“Jonas, please, let the doctor in the room. Tell Astor to leave. You are very sick. You don’t want to die, do you?”
Karl-Heinz arrived carrying a long rifle and a net. As sick as Jonas felt, he ordered Astor, “Up, up on the bed!” He then placed his arms around the shepherd, whose body was tense in preparation to attack.
Jonas had to get to the bathroom as he became more ill. He crawled out of the bed and onto the floor, Astor very closely following behind him.

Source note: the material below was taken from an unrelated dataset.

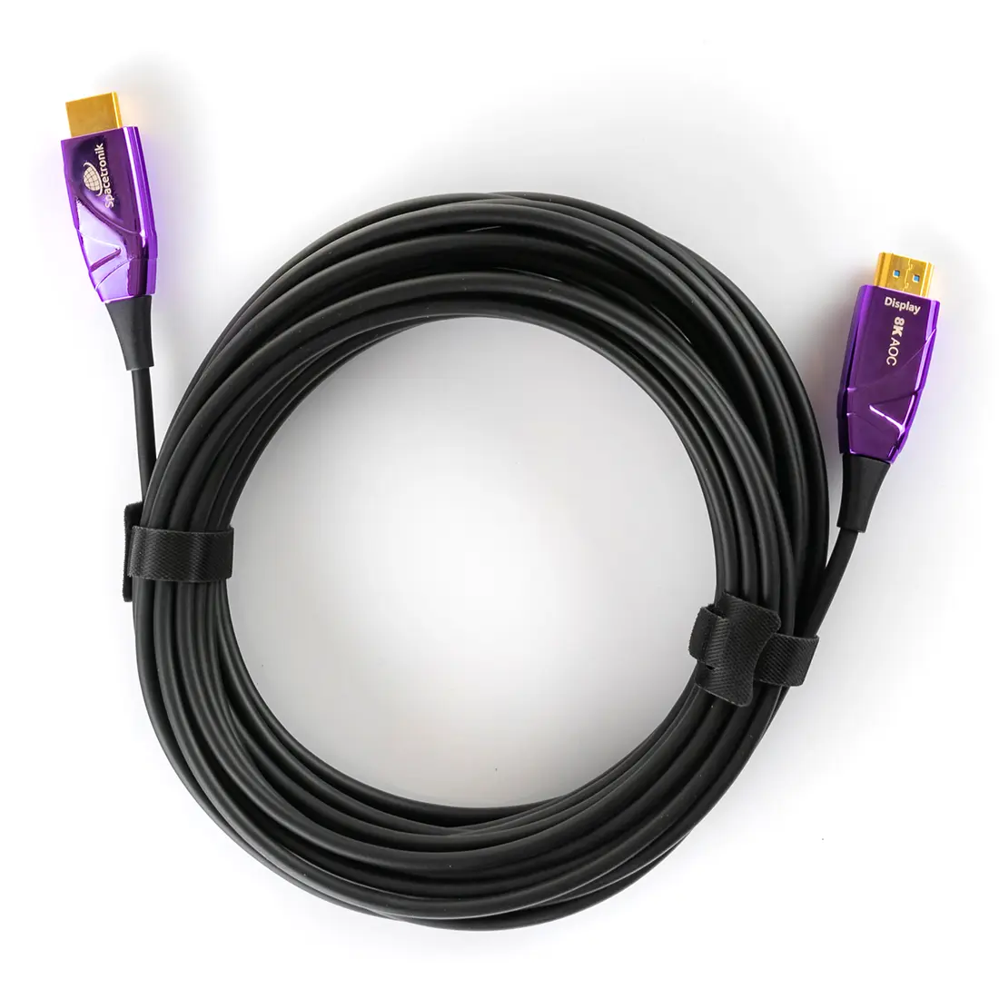 Spacetronik SH-OX050 to kabel optyczny pozwalający przesyłać sygnał na większą odległość niż standardowe kable HDMI z ekstremalną prędkością transmisji danych do 48 Gb/s. Tak potężna przepustowość zapewnia ostry, krystaliczny obraz o rozdzielczości 8K/60Hz & 4K/120Hz, który z pewnością zadowoli wymagającego kinomaniaka, czy też gracza komputerowego. Przewód światłowodowy Spacetronik zapewnia zarówno najnowocześniejszą wydajność, jak i wyjątkową niezawodność. Do produkcji wykorzystano najwyższej klasy komponenty, materiały i rozwiązania konstrukcyjne. Tradycyjne miedziane kable HDMI mogą transmitować sygnał z prędkością 18 Gb/s, ale jedynie na krótkich, kilkumetrowych odcinkach. By zapewnić transmisję o prędkości 48 Gb/s na dłuższych odległościach (np. w instalacjach kina domowego) konieczne jest zastosowanie technologii hybrydowej. SH-OX050 obsługuje wszystkie funkcje i możliwości w standardzie HDMI 2.1, w tym HDR10 +, HDCP2.3, eARC i wiele innych. Kable optyczne Spacetronik UHS AOC HDMI 2.1 są właściwym wyborem do podłączenia najnowszych urządzeń 8K (np. do Playstation 5 (PS5) oraz XBOX Series X i S, najnowszych kart graficznych RTX NVidia do monitorów czy telewizorów 8K). Dzięki obsłudze technologii eARC świetnie sprawdzą się w instalacjach kina domowego, współpracując z urządzeniami HDMI 2.1 najnowszej generacji.

“Now we can get him! Shoot the dog!” the doctor ordered. But Jonas kept his arm around the dog, protecting him, until he arrived at the bathroom and vomited all over the floor. The chauffeur then took careful aim at the backside of the dog. Fräulein Marlow stood by, frozen in fear.
Suddenly, Lucia, Brand, and Uncle Herman came rushing into the room, just as Karl-Heinz was about to pull the trigger.
“My God, Jonas, my darling, what is going on here! Stop! Stop it now!” Lucia demanded.
She grabbed the boy off the floor and pulled him into her arms. Brand coaxed a reluctant Astor away and allowed the doctor to come into the bedroom to examine her son.
“Thank heavens, Frau Kruger, you came back,” the governess said, tilting her chin toward the ceiling in gratitude.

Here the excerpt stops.